研究課題
基盤研究(B)
Twist-1の骨分化に与える影響を調べるために、Twist-1強発現ベクターを骨前駆細胞のC3H10T1/2に導入し、安定形質転換株を得た。C3H10T1/2の野生株にBMP2をかけると骨分化マーカーが上昇するが、Twist-1強発現株ではalkaline phosphataseやosteopontin, osteocalcinのBMP2による誘導も抑制された。そこで骨分化を促進するためにTwist-1のsiRNAをc3H10T1/2細胞に導入することにした。正電荷型ゼラチン修飾或いは磁性粒子修飾HVJ envelope vectorによりsiRNAを導入すると、骨形成が促進された。BMPの刺激によってSmad1は核内に移行し、Twist-1と共存することからTwist-1がSmadと相互作用について免疫沈降法で調べるとTwist-1とSmadの結合が示唆された。Twist-1の共沈実験より、E47とTwist-1の相互作用が明らかになり、E47遺伝子の発現により、Twist-1の安定性が増加することが明らかにされた。一方、IdlはTwist-1の分解を促し、結果的に骨分化を促進することがわかった。

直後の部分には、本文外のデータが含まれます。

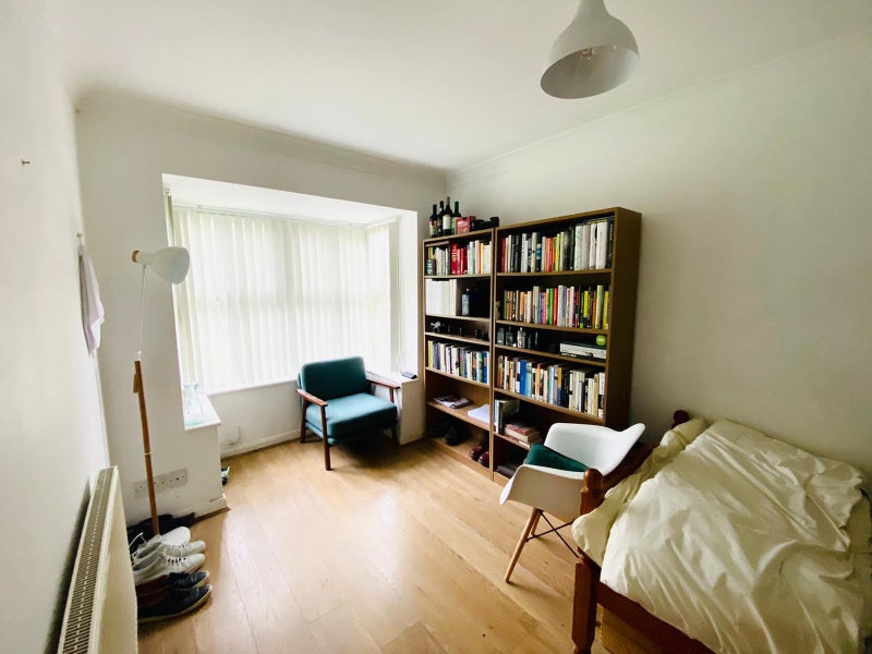 Located in a vibrant neighborhood, this three-bedroom house share offers a cozy double room for rent. The room is mostly furnished with essential amenities such as a bed, wardrobe, bookshelves, and a desk. The rent ranges between £650 - £700 per month, inclusive of all bills. The house is well-equipped with shared spaces including a downstairs toilet, an upstairs bath, a spacious kitchen and dining area, and a comfortable living room. Additionally, residents can enjoy a large back garden with a shed for storage and a front yard with a parking space. The house's convenient location provides easy access to amenities such as a nearby Sainsbury's, a 15-minute walk to the train station, and various cafes and pubs in the vicinity.
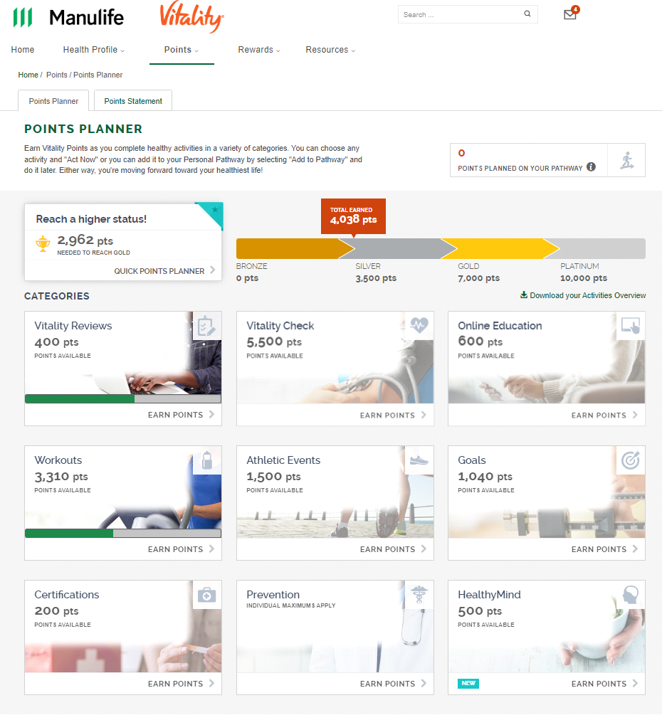 For example, members of the Manulife Vitality Plus program are able to collect a certain number of points for various activities, qualifying them for bronze, silver, gold or platinum status. Here are savings associated with each level:
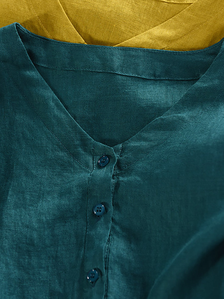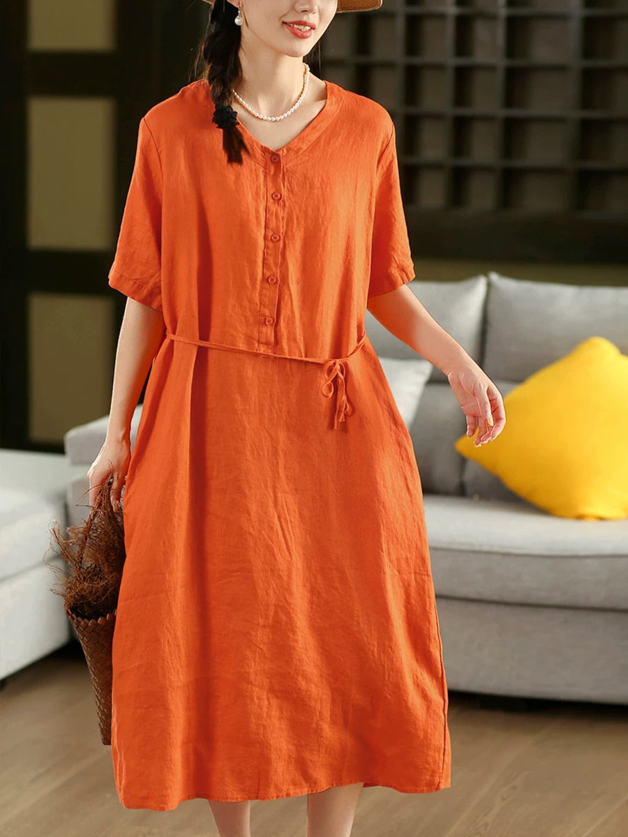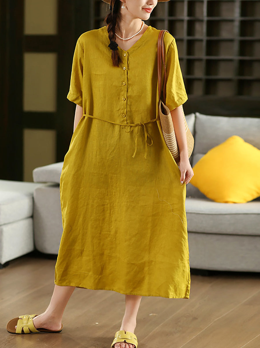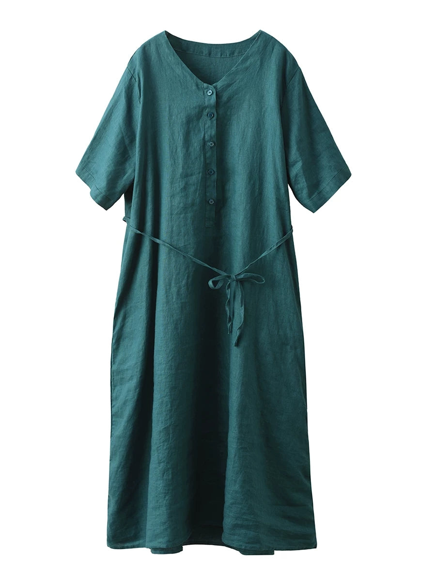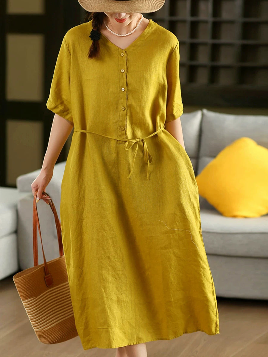 Abito estivo da donna in lino 100% con scollo a V e colori puri
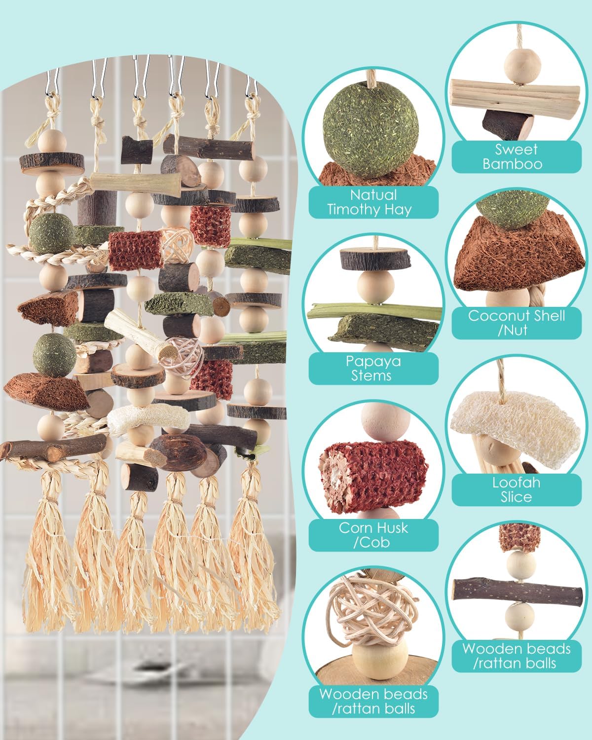 - Natural Materials: DBNESS small animal toys are crafted from 100% natural materials including apple wood, timothy hay, loofah slices, rattan balls, nuts, corn husks/cobs, coconut shells, sweet bamboo, and papaya stems. These bunny toys for bunnies provide safe play and chewing opportunities for your lovely pets. These materials are not only fiber-rich, which helps clean your pet's teeth and promote digestion, but they also aid in exercising and relieving stress

E47存在下でもId1の発現によりTwist-1の分解が促進されることがTwist-1のpulse-chase実験で明らかになった。次にTwist-1を安定に発現する骨芽細胞株MC3T3-E1でTwist-1をFlag抗体で免疫沈降させた分画の中に、ピストン脱アセチル化酵素(HDAC)1が共存すること、さらにその中にはSmad4が存在すること、がわかった。しかしSmad1は共沈しなかった。以上より、Twist-1のBMPシグナルの抑制はTwist-1がHDAC1をリクルートすることによってSmad4による転写活性化を抑制していることが原因であろうと考えられる。